Ce n’était plus mon livre, il était un objet extérieur, étranger et définitif, je ne pouvais plus rien rajouter, ni corriger.
Je soupesais ses 209 grammes, un condensé de toute notre vie théâtrale.
L’éditeur ne voulait pas que je sorte toutes mes citations fétiches. il fallait que cela soit personnel, il est vrai souvent j’abuse, j’aime me cacher derrière des citations.
Dans cent ans ou deux cents ans, les hommes qui vivront après nous et pour qui nous frayons le chemin, auront- ils une pensée pour nous ? Mais non, ils nous auront oublié.
Tchekhov
Je n’ai jamais eu l’intention d’écrire un livre, je voulais venir à bout d’un soupçon.

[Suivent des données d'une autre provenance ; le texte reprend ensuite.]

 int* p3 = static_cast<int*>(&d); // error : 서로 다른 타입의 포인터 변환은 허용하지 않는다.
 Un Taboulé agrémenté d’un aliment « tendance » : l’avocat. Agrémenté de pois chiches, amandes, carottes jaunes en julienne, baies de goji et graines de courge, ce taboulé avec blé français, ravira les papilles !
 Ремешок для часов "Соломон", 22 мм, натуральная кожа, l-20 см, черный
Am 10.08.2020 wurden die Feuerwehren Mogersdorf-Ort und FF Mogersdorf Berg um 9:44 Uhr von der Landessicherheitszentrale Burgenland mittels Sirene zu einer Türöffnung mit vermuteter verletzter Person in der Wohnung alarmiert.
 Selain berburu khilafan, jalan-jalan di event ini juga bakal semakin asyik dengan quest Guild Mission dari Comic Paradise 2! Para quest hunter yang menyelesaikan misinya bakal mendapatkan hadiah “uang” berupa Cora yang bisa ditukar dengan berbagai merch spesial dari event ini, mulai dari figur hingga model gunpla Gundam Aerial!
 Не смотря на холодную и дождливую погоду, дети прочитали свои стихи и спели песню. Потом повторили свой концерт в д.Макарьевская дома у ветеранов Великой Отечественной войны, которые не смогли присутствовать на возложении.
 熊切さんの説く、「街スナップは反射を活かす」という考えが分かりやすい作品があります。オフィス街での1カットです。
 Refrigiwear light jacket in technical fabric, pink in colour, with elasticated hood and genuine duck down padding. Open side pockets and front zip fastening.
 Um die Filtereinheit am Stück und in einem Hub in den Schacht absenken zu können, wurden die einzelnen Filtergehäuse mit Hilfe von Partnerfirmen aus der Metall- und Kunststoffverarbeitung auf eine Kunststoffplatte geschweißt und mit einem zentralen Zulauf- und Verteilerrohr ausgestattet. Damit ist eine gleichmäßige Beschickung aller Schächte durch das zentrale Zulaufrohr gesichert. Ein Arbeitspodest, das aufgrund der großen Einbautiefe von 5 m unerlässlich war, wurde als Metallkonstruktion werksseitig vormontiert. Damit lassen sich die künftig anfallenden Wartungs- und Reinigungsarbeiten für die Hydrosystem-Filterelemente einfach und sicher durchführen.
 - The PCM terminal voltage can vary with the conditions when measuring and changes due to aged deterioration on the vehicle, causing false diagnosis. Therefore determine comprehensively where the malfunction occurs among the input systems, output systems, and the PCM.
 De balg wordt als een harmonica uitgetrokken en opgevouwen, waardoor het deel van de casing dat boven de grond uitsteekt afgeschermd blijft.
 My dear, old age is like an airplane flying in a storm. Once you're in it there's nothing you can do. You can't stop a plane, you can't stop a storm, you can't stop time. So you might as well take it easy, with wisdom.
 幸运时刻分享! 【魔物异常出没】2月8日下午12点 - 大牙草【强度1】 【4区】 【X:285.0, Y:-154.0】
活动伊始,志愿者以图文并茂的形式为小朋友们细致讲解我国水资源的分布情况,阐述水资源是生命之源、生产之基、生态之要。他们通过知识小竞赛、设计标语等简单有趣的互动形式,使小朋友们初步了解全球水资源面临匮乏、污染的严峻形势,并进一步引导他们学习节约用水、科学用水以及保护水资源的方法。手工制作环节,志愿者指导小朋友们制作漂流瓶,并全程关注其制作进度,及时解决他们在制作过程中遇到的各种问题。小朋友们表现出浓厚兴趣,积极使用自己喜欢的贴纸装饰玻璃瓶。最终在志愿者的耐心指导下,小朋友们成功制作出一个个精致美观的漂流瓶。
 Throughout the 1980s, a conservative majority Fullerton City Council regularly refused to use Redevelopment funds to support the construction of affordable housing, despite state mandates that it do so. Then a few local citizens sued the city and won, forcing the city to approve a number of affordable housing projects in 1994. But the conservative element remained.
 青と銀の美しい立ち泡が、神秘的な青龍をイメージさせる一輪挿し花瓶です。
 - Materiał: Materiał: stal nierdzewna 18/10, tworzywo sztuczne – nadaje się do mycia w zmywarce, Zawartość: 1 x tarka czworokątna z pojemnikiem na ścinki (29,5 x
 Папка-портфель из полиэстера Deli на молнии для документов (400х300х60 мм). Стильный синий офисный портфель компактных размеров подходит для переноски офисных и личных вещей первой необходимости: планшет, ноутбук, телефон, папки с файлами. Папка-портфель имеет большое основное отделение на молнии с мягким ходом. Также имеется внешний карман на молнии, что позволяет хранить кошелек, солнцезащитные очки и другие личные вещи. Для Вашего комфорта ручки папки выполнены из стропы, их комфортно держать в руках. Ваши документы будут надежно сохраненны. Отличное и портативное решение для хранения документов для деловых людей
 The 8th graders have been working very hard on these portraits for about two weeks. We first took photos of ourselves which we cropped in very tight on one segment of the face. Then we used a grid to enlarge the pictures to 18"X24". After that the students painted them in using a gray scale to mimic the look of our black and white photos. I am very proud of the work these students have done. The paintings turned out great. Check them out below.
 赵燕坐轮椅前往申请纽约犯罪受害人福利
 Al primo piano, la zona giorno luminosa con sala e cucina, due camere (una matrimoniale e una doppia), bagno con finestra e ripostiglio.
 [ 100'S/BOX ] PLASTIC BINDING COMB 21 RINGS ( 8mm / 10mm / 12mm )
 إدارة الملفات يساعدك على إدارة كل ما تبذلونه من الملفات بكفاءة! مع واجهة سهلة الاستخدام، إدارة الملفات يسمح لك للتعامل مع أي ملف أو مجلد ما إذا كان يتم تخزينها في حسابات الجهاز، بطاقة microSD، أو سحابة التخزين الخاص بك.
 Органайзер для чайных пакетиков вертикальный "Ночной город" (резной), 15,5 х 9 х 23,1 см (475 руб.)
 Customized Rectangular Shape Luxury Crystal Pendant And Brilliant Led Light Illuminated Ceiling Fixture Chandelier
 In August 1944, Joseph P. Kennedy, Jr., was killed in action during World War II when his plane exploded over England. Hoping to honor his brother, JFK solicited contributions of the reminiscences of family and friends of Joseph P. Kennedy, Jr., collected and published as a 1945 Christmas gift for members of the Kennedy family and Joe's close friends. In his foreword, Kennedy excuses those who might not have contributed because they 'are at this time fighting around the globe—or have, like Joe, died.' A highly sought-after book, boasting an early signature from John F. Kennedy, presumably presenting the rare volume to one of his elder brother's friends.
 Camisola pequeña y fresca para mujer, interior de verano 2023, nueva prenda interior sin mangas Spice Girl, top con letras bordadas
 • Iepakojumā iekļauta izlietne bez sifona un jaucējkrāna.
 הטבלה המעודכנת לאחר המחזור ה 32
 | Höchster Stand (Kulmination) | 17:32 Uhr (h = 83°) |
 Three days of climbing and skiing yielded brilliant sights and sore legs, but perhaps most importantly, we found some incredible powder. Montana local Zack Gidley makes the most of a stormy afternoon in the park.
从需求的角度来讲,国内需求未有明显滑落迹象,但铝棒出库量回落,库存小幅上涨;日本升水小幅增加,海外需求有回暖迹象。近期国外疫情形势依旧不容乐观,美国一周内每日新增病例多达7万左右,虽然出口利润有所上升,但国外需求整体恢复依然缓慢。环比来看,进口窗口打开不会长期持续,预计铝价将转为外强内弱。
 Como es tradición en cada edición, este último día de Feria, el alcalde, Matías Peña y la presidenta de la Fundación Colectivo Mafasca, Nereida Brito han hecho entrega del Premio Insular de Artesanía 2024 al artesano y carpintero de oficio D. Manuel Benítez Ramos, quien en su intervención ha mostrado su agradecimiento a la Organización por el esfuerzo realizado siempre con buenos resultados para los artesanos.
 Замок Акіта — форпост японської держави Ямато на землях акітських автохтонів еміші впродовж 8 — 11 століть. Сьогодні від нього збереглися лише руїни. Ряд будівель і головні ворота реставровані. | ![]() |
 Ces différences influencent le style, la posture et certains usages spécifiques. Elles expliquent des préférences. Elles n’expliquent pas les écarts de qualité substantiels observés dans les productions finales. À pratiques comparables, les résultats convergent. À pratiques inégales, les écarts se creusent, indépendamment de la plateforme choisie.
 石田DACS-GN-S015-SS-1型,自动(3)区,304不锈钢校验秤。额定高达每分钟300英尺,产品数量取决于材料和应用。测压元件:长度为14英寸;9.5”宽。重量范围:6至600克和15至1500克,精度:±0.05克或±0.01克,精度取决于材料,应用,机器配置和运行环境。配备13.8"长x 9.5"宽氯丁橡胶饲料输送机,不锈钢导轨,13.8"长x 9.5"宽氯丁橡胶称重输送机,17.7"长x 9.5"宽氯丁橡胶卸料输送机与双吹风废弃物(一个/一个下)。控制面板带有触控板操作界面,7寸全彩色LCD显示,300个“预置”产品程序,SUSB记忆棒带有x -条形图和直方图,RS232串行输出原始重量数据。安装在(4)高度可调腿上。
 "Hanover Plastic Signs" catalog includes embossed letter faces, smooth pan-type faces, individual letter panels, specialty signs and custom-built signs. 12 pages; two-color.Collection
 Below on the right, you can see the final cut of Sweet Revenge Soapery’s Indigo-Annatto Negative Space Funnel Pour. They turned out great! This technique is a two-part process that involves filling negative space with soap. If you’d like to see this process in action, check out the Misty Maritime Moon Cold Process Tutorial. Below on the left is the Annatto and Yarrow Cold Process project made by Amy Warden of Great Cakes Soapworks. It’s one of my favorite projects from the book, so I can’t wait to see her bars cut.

Bien-sûr nous aurions pu faire une liste, nous avons monté 3 Molières, un Shakespeare, un Tchekhov, mais notre différence avec Chéreau ou Ariane Mnouchkine, c’étaient nos opérations festives territoriales et des centaines d’interventions, j’ai essayé d’en faire un catalogue et là je décryptais notre personnalité unique, ce qu’on appelait : le théâtre de l’Unité c’est toujours autre chose.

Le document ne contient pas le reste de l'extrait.